• **Problem requirements**
Would you output the lines from the one containing "高品质打印耗材制造商:广州欣" through the final line of the entries, exactly and with pictures omitted?

*** Opening of Task inputs ***

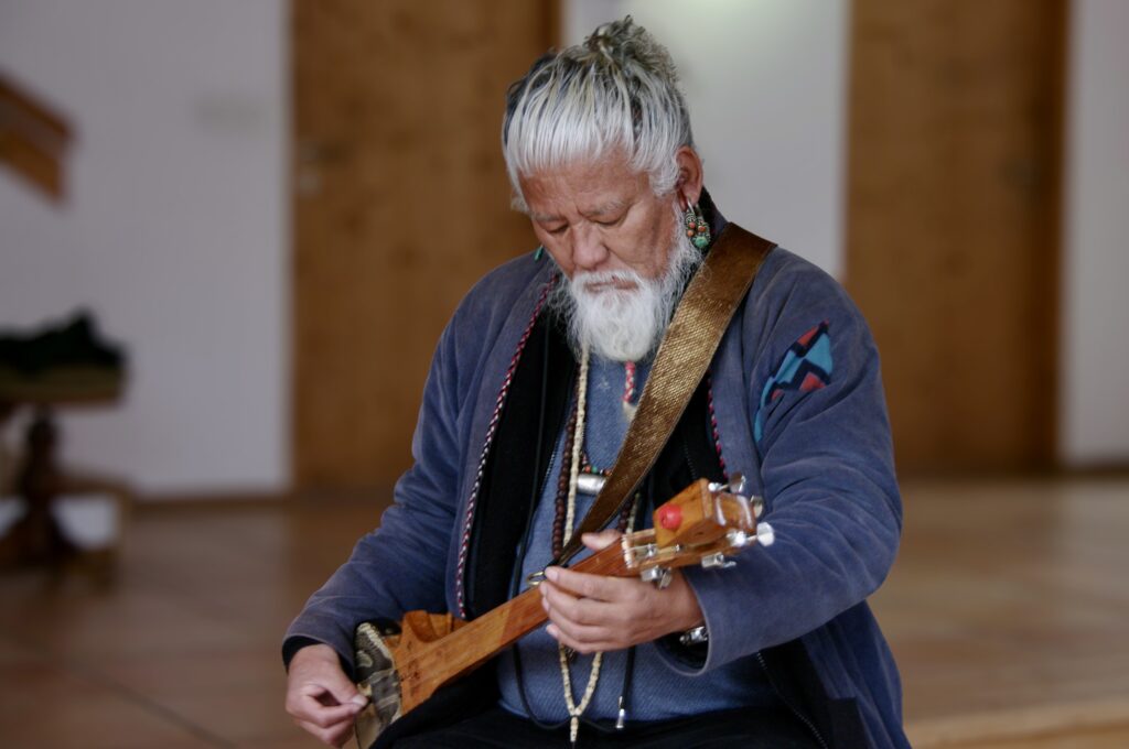 Später, im Berner Kulturlokal Turnhalle, wählt Namling einen Tisch am Rand. Mit seinem offenen Mantel, den langen Haaren und dem wachen Blick gibt er eine wahrlich königliche Erscheinung ab. Umgehängt hat er sich Ketten und sakralen Schmuck: eine buddhistische Gebetskette und ein silbernes Röhrchen mit einem Mantra darin, das ihn beschützen soll. Neben ihm liegen die Flöte und die Laute, sein Hauptinstrument.
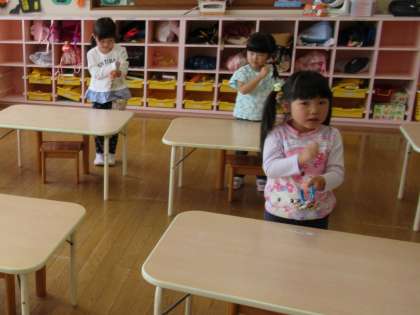 今日はみんなで色々な曲に合わせて鈴を鳴らして遊びました。「さんぽ」がかかると、歌を口ずさむ子や、体を揺らして音楽を楽しむ子もいました。また、月刊誌の付録で付いていたサンドイッチやドーナツもつくりました。みんなで楽しく食べたら美味しかったね!
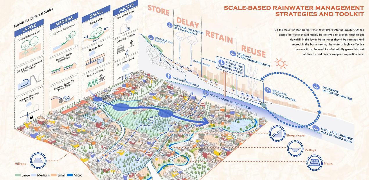 针对区域特点与问题,小组成员提出了四大解决策略:存储、延缓、保留和回用,利用雨水平衡策略与工具包(图4),将基于空间的水管理落实在场地中,以平衡雨水分配。
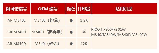 高品质打印耗材制造商:广州欣彩电脑耗材有限公司,推出适用于理光全新激光打印机粉盒和鼓架:标准容量粉盒M340L(1200页)、高容量粉盒M340H(3000页)和鼓架M340(12000页)此系列粉盒和鼓架适用于理光最新推出的黑白激光打印机P200 / P201激光一体机M340 / M340W / M340F / M340FW而且该系列新品机型均采用鼓粉分离技术可以单独换碳粉盒或者更换鼓架凭借对市场的快速反应精心投入研发,广州欣彩推出此系列机型标准容量及大容量粉盒和鼓架可满足不同用户的打印需求,让您在后期使用中大大降低打印成本。
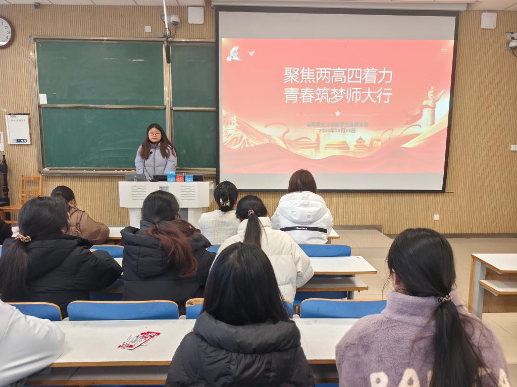 为引导青年学生深刻理解“两高四着力”内涵,12月16日上午,马克思主义学院于社科楼516教室开展“聚焦两高四着力 青春筑梦师大行”主题团课活动。本次团课由主席团成员张甜甜主持,我院学生会团支部全体成员参与本次活动。
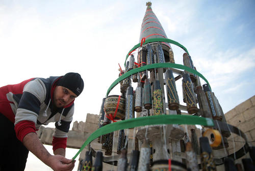 عکس/ساخت درخت کریسمس با پوکه گلوله های جنگی – شهر دوما در سوریه

*** Close of Task inputs ***

• **Task response**
 高品质打印耗材制造商:广州欣彩电脑耗材有限公司,推出适用于理光全新激光打印机粉盒和鼓架:标准容量粉盒M340L(1200页)、高容量粉盒M340H(3000页)和鼓架M340(12000页)此系列粉盒和鼓架适用于理光最新推出的黑白激光打印机P200 / P201激光一体机M340 / M340W / M340F / M340FW而且该系列新品机型均采用鼓粉分离技术可以单独换碳粉盒或者更换鼓架凭借对市场的快速反应精心投入研发,广州欣彩推出此系列机型标准容量及大容量粉盒和鼓架可满足不同用户的打印需求,让您在后期使用中大大降低打印成本。
 为引导青年学生深刻理解“两高四着力”内涵,12月16日上午,马克思主义学院于社科楼516教室开展“聚焦两高四着力 青春筑梦师大行”主题团课活动。本次团课由主席团成员张甜甜主持,我院学生会团支部全体成员参与本次活动。
 عکس/ساخت درخت کریسمس با پوکه گلوله های جنگی – شهر دوما در سوریه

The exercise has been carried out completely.